Start of Data provided
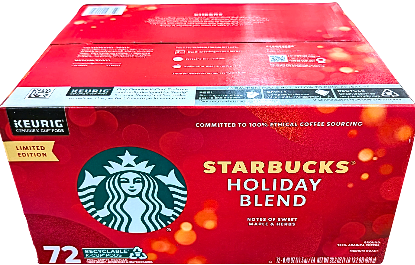 Starbucks Holiday Blend Medium Roast 72 Count K-Cup Pods EXP 06/2026
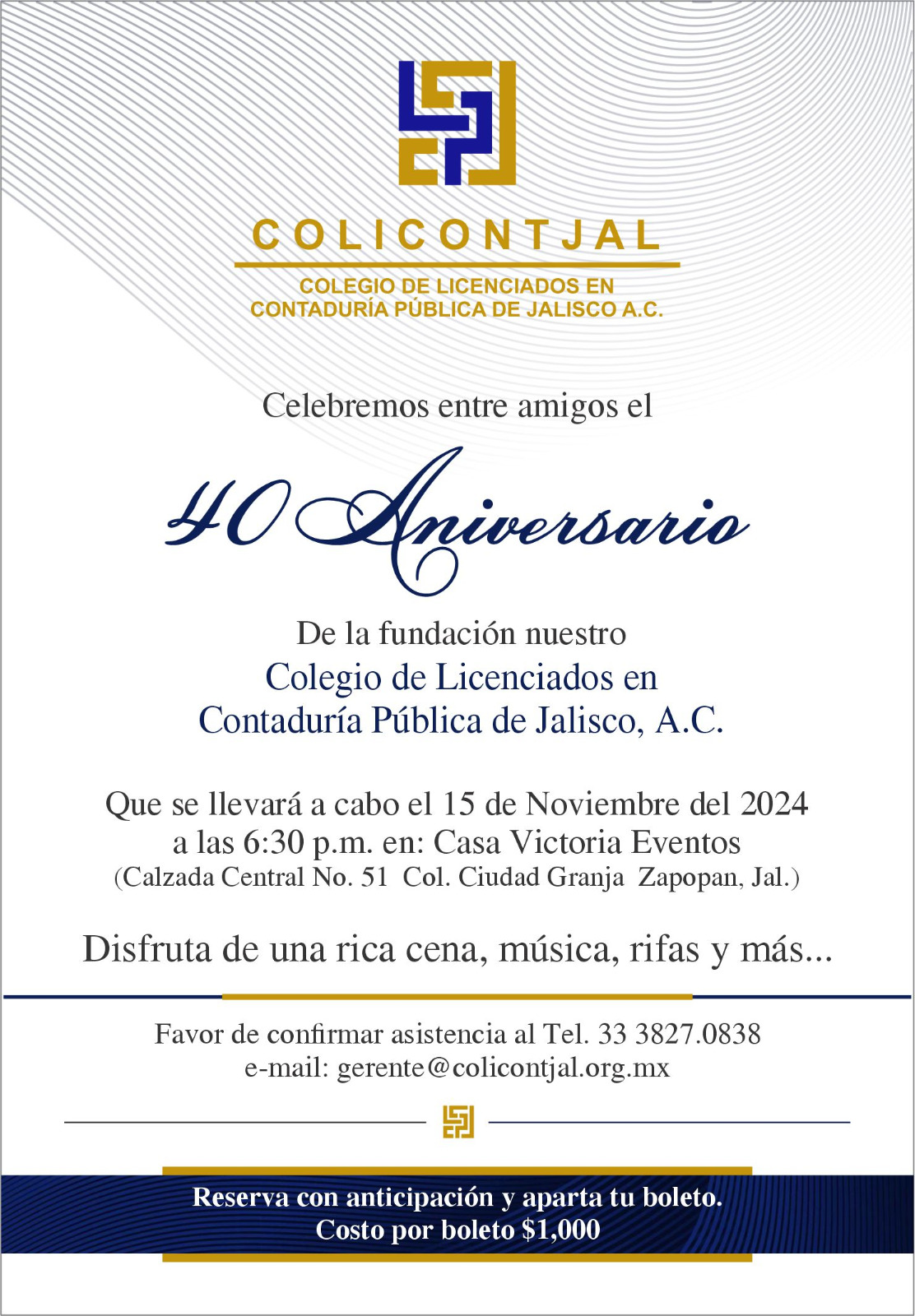 Reserva con anticipación tus lugares; los pagos serán a la cuenta general de Banorte a nombre del colegio.
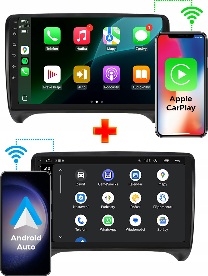 ✔️ Android Auto a Apple CarPlay – prístup k aplikáciám ako WhatsApp, Messenger, Spotify, YouTube, Deezer, Amazon Music
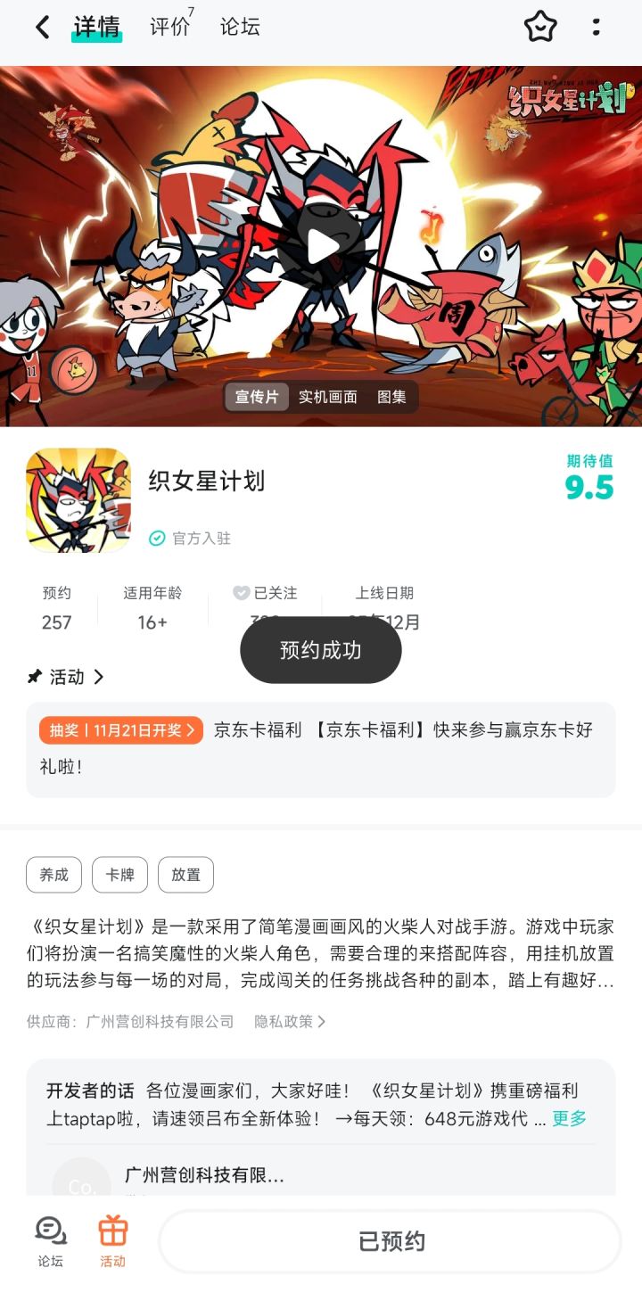 恭喜下面三位绘画家中奖,中奖的用户可在72小时内添加客服QQ,提供中奖凭证+tapID截图联系客服领取~【客服QQ】3515425294【官方Q群】964476899《织女星计划》是一款采用了简笔漫画画风的火柴人对战手游。游戏中玩家们将扮演一名搞笑魔性的火柴人角色,需要合理的来搭配阵容,用挂机放置的玩法参与每一场的对局。游戏中搞笑的角色人设以及沙雕无厘头的剧情,能够带给玩家们无尽的欢乐,感受
End of Data provided
**Instructions to follow**
Print the preceding material over again exactly. Please leave the pictures out.

**Answer below**
 Starbucks Holiday Blend Medium Roast 72 Count K-Cup Pods EXP 06/2026
 Reserva con anticipación tus lugares; los pagos serán a la cuenta general de Banorte a nombre del colegio.
 ✔️ Android Auto a Apple CarPlay – prístup k aplikáciám ako WhatsApp, Messenger, Spotify, YouTube, Deezer, Amazon Music
 恭喜下面三位绘画家中奖,中奖的用户可在72小时内添加客服QQ,提供中奖凭证+tapID截图联系客服领取~【客服QQ】3515425294【官方Q群】964476899《织女星计划》是一款采用了简笔漫画画风的火柴人对战手游。游戏中玩家们将扮演一名搞笑魔性的火柴人角色,需要合理的来搭配阵容,用挂机放置的玩法参与每一场的对局。游戏中搞笑的角色人设以及沙雕无厘头的剧情,能够带给玩家们无尽的欢乐,感受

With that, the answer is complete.